# A4 default page size!



## Kevex (Nov 23, 2001)

Hi everyone!

Does anyone have any idea on how to set the A4 default page size for all the apps under Mac OS 9.2.1? I tried to set under the finder, but no use, other apps still use US letter size. Thanx in advance!


----------



## Jadey (Nov 23, 2001)

In 9.2.1 I don't know, but if you ever get a chance to upgrade to X, there is a solution with A4 Paper Sizes, available here:

http://www.versiontracker.com/moreinfo.fcgi?id=12554&db=mac


----------



## Kevex (Nov 23, 2001)

I know, I have X also, and used an app to set the A4 as the default size, but I had to print powerpoint documents, and the office x doesn't run as well as it does under classic.


----------



## Jadey (Nov 23, 2001)

Office final supposedly runs much faster than the betas (if that's what you had goin on)


----------



## shrill (Dec 5, 2001)

A little late maybe, but: 

Depending on the printer driver, you can sometimes delete the other paper sizes in the Page Setup... box. 

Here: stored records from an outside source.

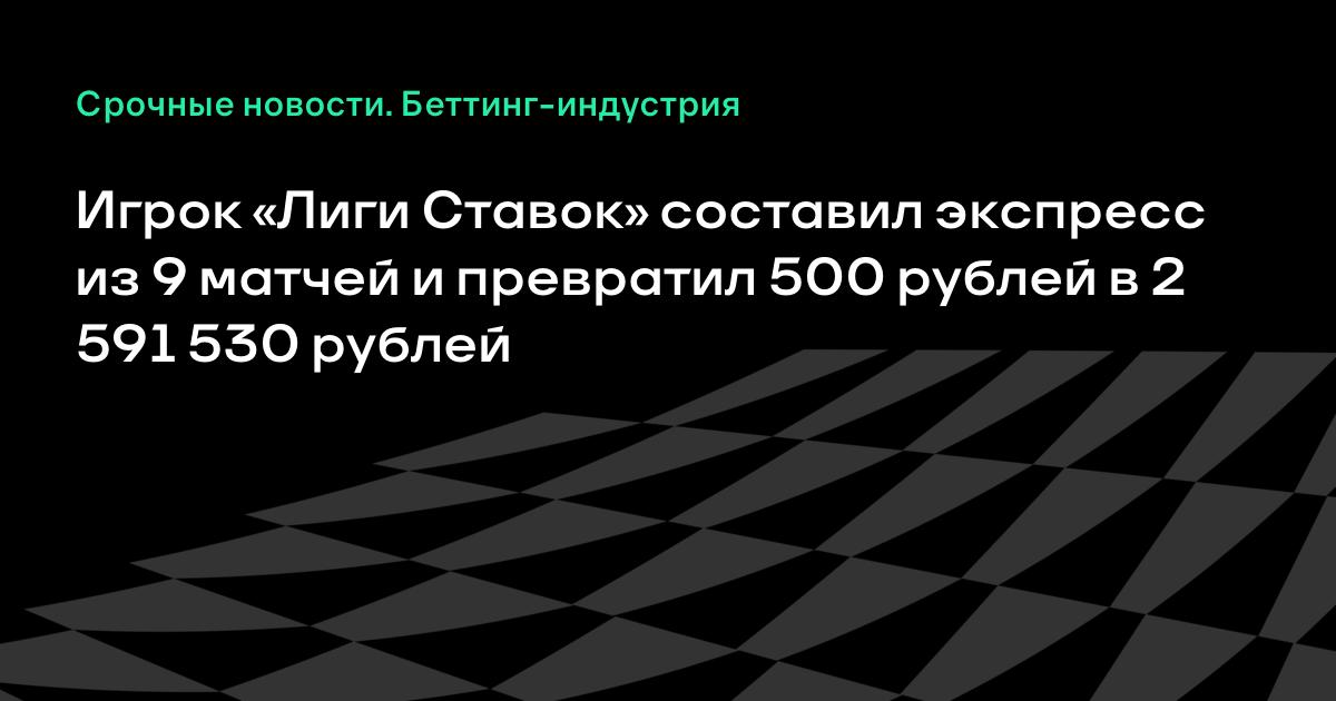 Игрок «Лиги Ставок» составил экспресс из 9 матчей и превратил 500 рублей в 2 591 530 рублей
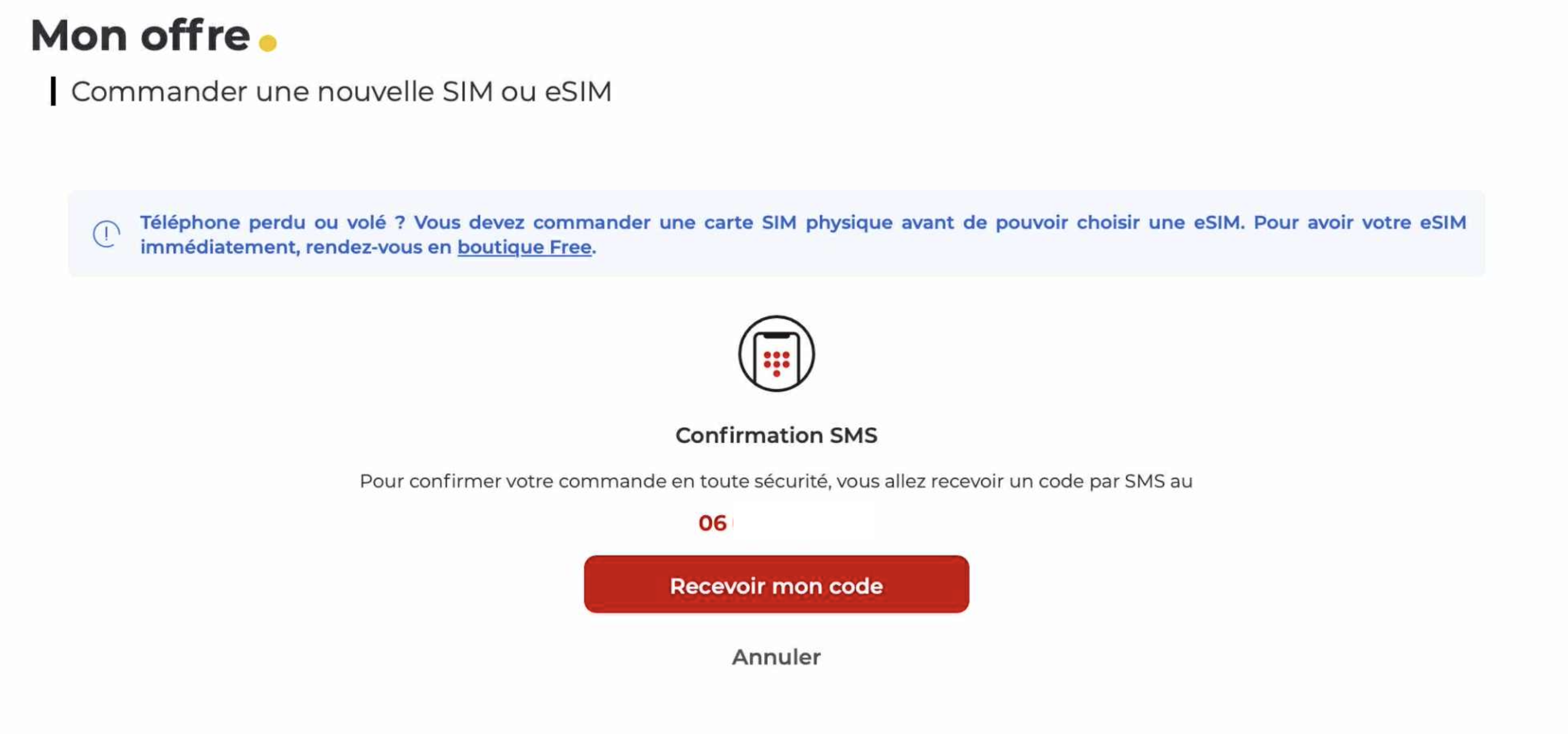 Comme chez Orange, Free Mobile exige un code reçu par SMS pour demander une nouvelle eSIM, qu’il facture 10 euros. Impossible donc de le faire à distance : Free ne peut pas vérifier l’identité (fun fact : l’opérateur permet quand même de bloquer son ancienne eSIM en cas de vol durant cette procédure de renouvellement, mais demande ensuite un code par SMS pour valider).
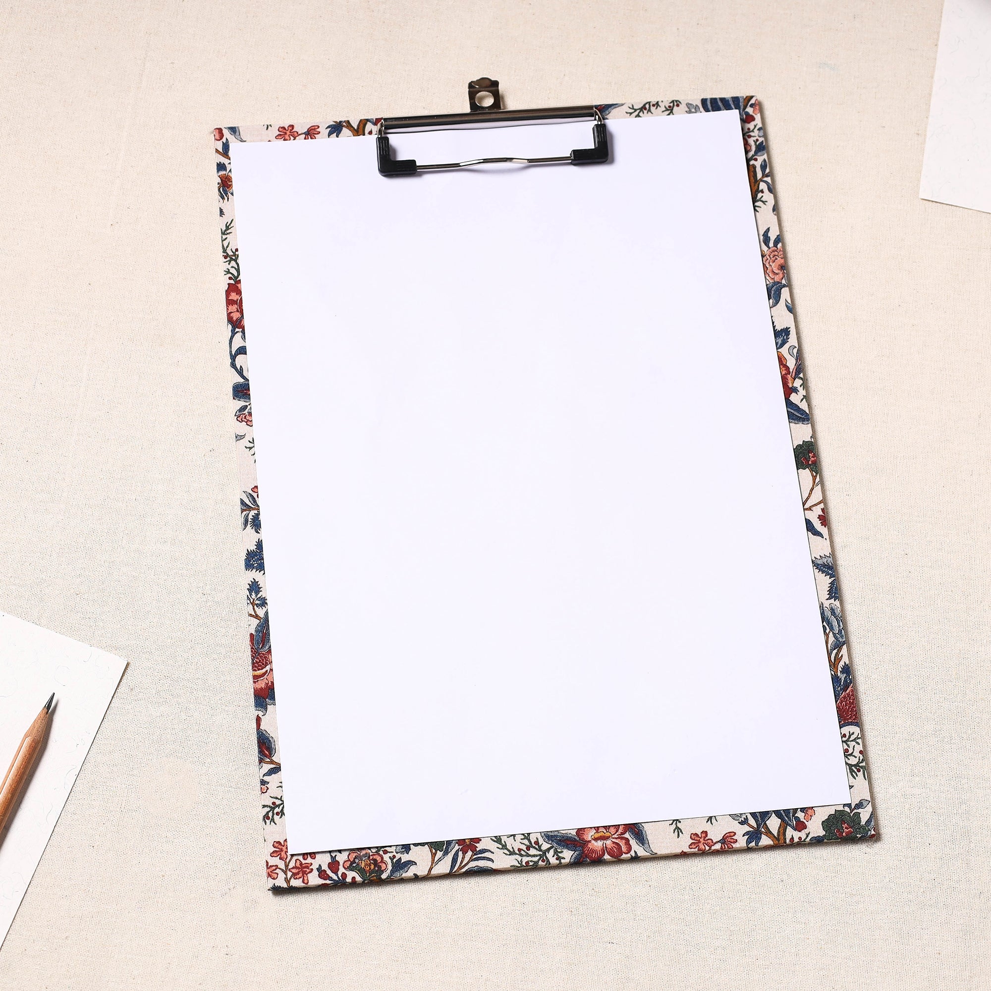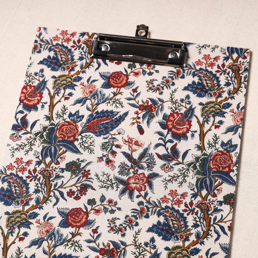 Elevate your workspace with our exquisite handcrafted floral-printed clipboard. This clipboardis crafted from durable hardboard, adorned with screen-printed cotton fabric, and featuring a robust metal clip, it seamlessly combines style and functionality. Perfect for any purpose, this clipboard adds a touch of sophistication to your note-taking, sketches, or document handling.
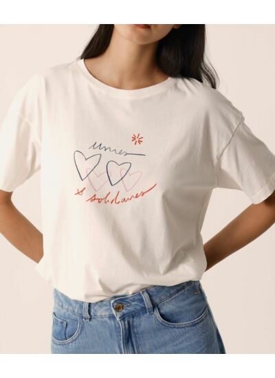 À l’occasion d’Octobre Rose, Des Petits Hauts se mobilise pour la recherche contre le cancer du sein et pour soutenir les femmes qui combattent la maladie. Le t-shirt manches courtes Marina est imprimé d'un message universel plein d'optimisme. La totalité des bénéfices des ventes de ce t-shirt sera reversée à l'institut Curie.
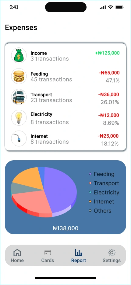 Card Management: Instant card freeze/unfreeze, limit controls, and tracking spending by category.

Not the ideal solution if you want to use US Letter again, but ...


----------



## anerki (Dec 10, 2001)

When printing you can set the size to A4, then there's a save button somewhere in that windows, perhaps sth like Use as default or sth like that. It worked fine when I had to set the paper feed for my Laserwriter 16/600 

Greetz,
.anerki


----------



## JJJ (Dec 25, 2001)

In Page Setup select A4. Hold down the Option key when you click OK or press return. The default page size will now be A4 for that selected printer.


----------